THURSDAY, Aug. 23, 2018 — From 1997 to 2015 there was a considerable increase in HIV viral suppression rates among people living with HIV (PLWH), according to a study published online Aug. 21 in the Annals of Internal Medicine.
Robin M. Nance, from the University of Washington in Seattle, and colleagues examined viral suppression trends among PLWH in a longitudinal observational cohort study. Annual viral suppression rates were determined from 1997 to 2015. The correlations between viral suppression or continuous viral load (VL) levels with demographic factors, substance use, adherence, and integrase strand transfer inhibitor (ISTI) use were examined.

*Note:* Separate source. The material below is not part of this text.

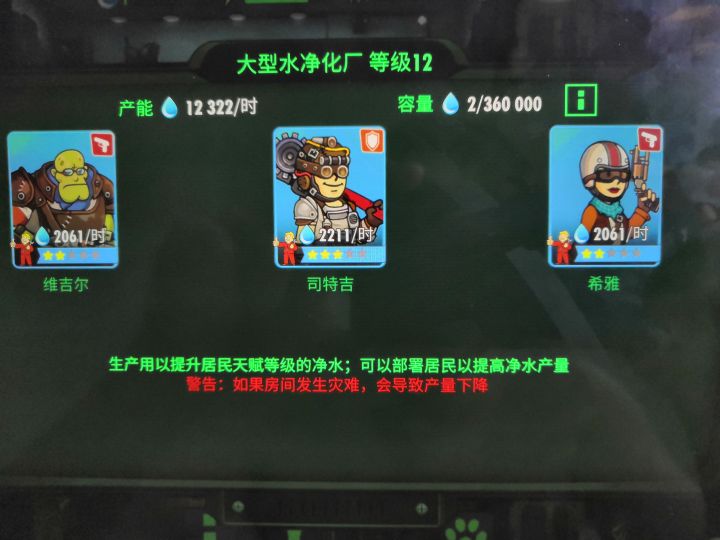 在辐射得世界里日常发展我四种资源,分别是水,点,食物与瓶盖,四种资源的获取不尽相同,但如何使我们每天所获的资源最大化,在这里为大家介绍,一些小技巧。————————————————————日常的房间产出,这是我们获取四种资源的主要途径,房间的单位时间产出与下列三四者有关第一,房间的等级通过主控室的提升,也能使房间的等级提升,这是提高产量的最基本手段第二,房间内工作人物首先是需要人物到与

The researchers found that based on all tests of 31,930 PLWH, viral suppression increased from 32 percent in 1997 to 86 percent in 2015. Being older and using an ISTI-based regimen correlated with lower odds of having a detectable VL, in adjusted analyses (odds ratio, 0.76 per decade and 0.54, respectively), while black race correlated with higher odds (odds ratio, 1.68) (all P < 0.001). The patterns were similar with continuous VL levels, with analyses limited to 2010 to 2015, and after adjustment for adherence, substance use, or depression.
“HIV viral suppression rates have improved dramatically across the United States, which is likely partially attributable to improved antiretroviral therapy, including ISTI-based regimens,” the authors write.
Several authors disclosed financial ties to the pharmaceutical industry.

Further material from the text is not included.